Surgery is the mainstay for the management of symptomatic leiomyomas. Due to the size and location, sometimes surgery is challenging due to the proximity of nearby pelvic and abdominal structures as reported in the index case whereby hysterectomy had to be done in order to remove the whole fibroid and the sigmoid was injured in doing so.

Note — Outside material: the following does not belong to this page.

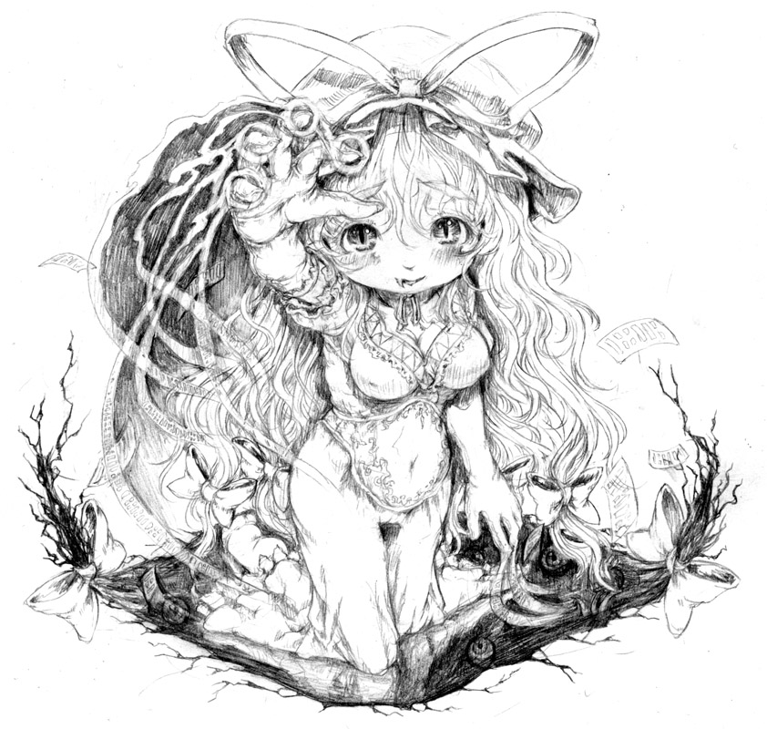 shiro (artist), shiro (hakukosui), flandre scarlet, izayoi sakuya, remilia scarlet, embodiment of scarlet devil, touhou, silver hair, 3girls, barefoot, bat wings, blonde hair, blue hair, blush, braid, feet, female focus, lingerie, maid, multiple girls, nightgown, red eyes, ribbon, short hair, sleeping, twin braids, underwear, wings
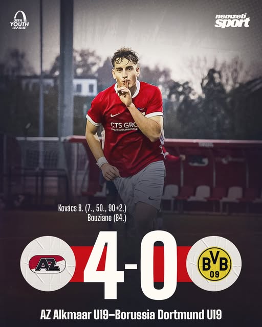 A 18 éves Kovács Bendegúz elképesztő teljesítményével kiütötte a holland AZ Alkmaar U19-es csapata a BVB ificsapatát az UEFA Ifjúsági Ligában!!

This is also reported by El‐Agwany et al in their report that surrounding organs may be at risk especially the ureters. , Laparoscopic surgery can be an option, but surgeons should note that the fibroid can be much larger than the initial appearance because the pelvis and retroperitoneal space can accommodate as a reservoir and needs careful hemostasis during dissection as can be very vascularized and in close relations to nearby vital structures (ureters, internal iliacs, and nerves).

Uterine artery embolization may have little or no effect because the mass may not rely on the uterus for its blood supply which is why it is located outside the uterus. If the setting allows and surgeon's experience, robot‐assisted laparoscopic myomectomy (RALM) can be an option where advantage includes less fatigue for the operating surgeon.

CONCLUSION

Broad ligament fibroids are unusual pelvic tumors that can cause difficulties in diagnosis as they mimic malignant tumors and surgical management due to their locations and sizes. Clinicians should think of extra‐uterine leiomyomas as a differential diagnosis of adnexial masses. Management can be by surgery but can pose complications; hence, surgery expertise is required for successful outcome.

AUTHOR CONTRIBUTIONS

JL, RG, and EM conceptualized and drafted the manuscript. JT reviewed the medical records. JT, RG, and EM performed the surgery. AS reviewed and reported the radiology films and PA prepared and reported the histology slides. All authors have read and approved the final script.

FUNDING INFORMATION

There was no funding towards this research.

CONFLICT OF INTEREST

The authors declare they have no competing interests.

ETHICAL APPROVAL

Ethics approval was obtained from the Department of Obstetrics and gynecology, Kilimanjaro Christian Medical Centre.

CONSENT

Written informed consent was obtained from the patient for publication for this case report; additionally, accompanying images have been censored to ensure that the patient cannot be identified. A copy of the consent is available on record.